In 1957 he began attending the École Nationale Supérieure des Mines in Paris and from October 1957 to September 1958 he attended the École nationale supérieure du pétrole et des moteurs and completed various internships in the oil industry in France and Algeria. Returning to the École des mines in October 1958, his last year of study was interrupted in 1959 by the decision of the Minister of Industry, to send all junior civil servants of category A to Algeria to participate in the Constantine Plan. He was then attached to the short-lived Common organisation of the Saharan regions and worked in Algiers, the Sahara and Paris on various industrial projects.

Between 1959 and 1969 he was seconded by the Corps des Mines to the French Institute of Petroleum (IFP), where he was research engineer, head of department and director of division. While working at this Institute he obtained a degree in mathematics and in 1968 he defended a doctoral thesis under the supervision of André Lichnerowicz.

In 1969 he changed his career and entered higher education, becoming a lecturer at the University of Besançon. In 1975 he moved to Pierre and Marie Curie University in Paris, and was appointed professor at this university in 1977. In 1983 he was elected corresponding member of the French Academy of sciences.
In 1989, he was appointed visiting professor at the University of California at Berkeley, for a semester of scientific courses, collaborating in particular with professors Jerrold E. Marsden and Alan Weinstein.
He retired in September 2000 and since then he is Professor Emeritus.

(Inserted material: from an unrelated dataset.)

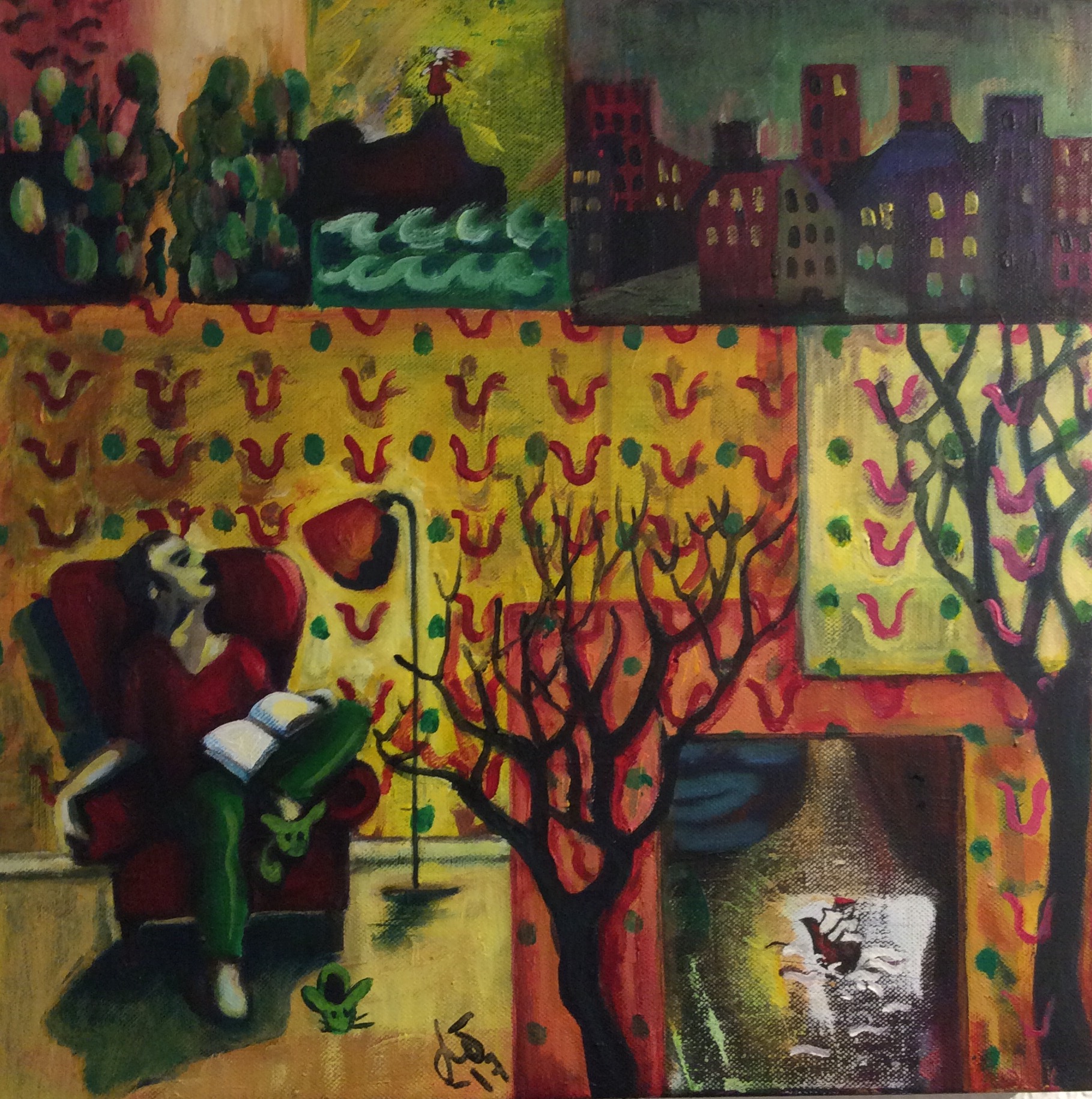 Läsaren Publicerat 25 september, 2017 kl. 1819 × 1830 i Tavlor från utställningen, del 1 Nästa → Läsaren 2017, Akryl på duk, tjock ram, 40×40 cm.

Charles-Michel Marle is the great-great-grandson of the grammarian L. C. Marle (1799-1860), author of an attempt at spelling reform around 1840.

== Scientific work ==
While working at the French Institute of Petroleum, Marle's research focused on fluid flows in porous media, which are being investigated for applications in hydrocarbon field development. He also published a book on the subject, developing a course that he taught at the École nationale du pétrole et des moteurs.

Transitioning from applied to pure mathematics, in his PhD thesis he worked on fluid dynamics and the Boltzmann relativistic equation.

Since the early 1970s he has worked mainly in the field of differential geometry, notably on Hamiltonian group actions and Poisson geometry, and its applications to mechanics.

With his colleague Paulette Libermann (1919-2007) he published in 1987 a research-level book on symplectic geometry and geometric mechanics. He has recently published another book, taking up part of the previous one, exposing recent results obtained in this field since 1987.

== Honours and awards ==

- French Academy of sciences laboratory prize for his thesis work, 1973.
- Member of the Mathematical Society of France, the French Physical Society and the American Mathematical Society.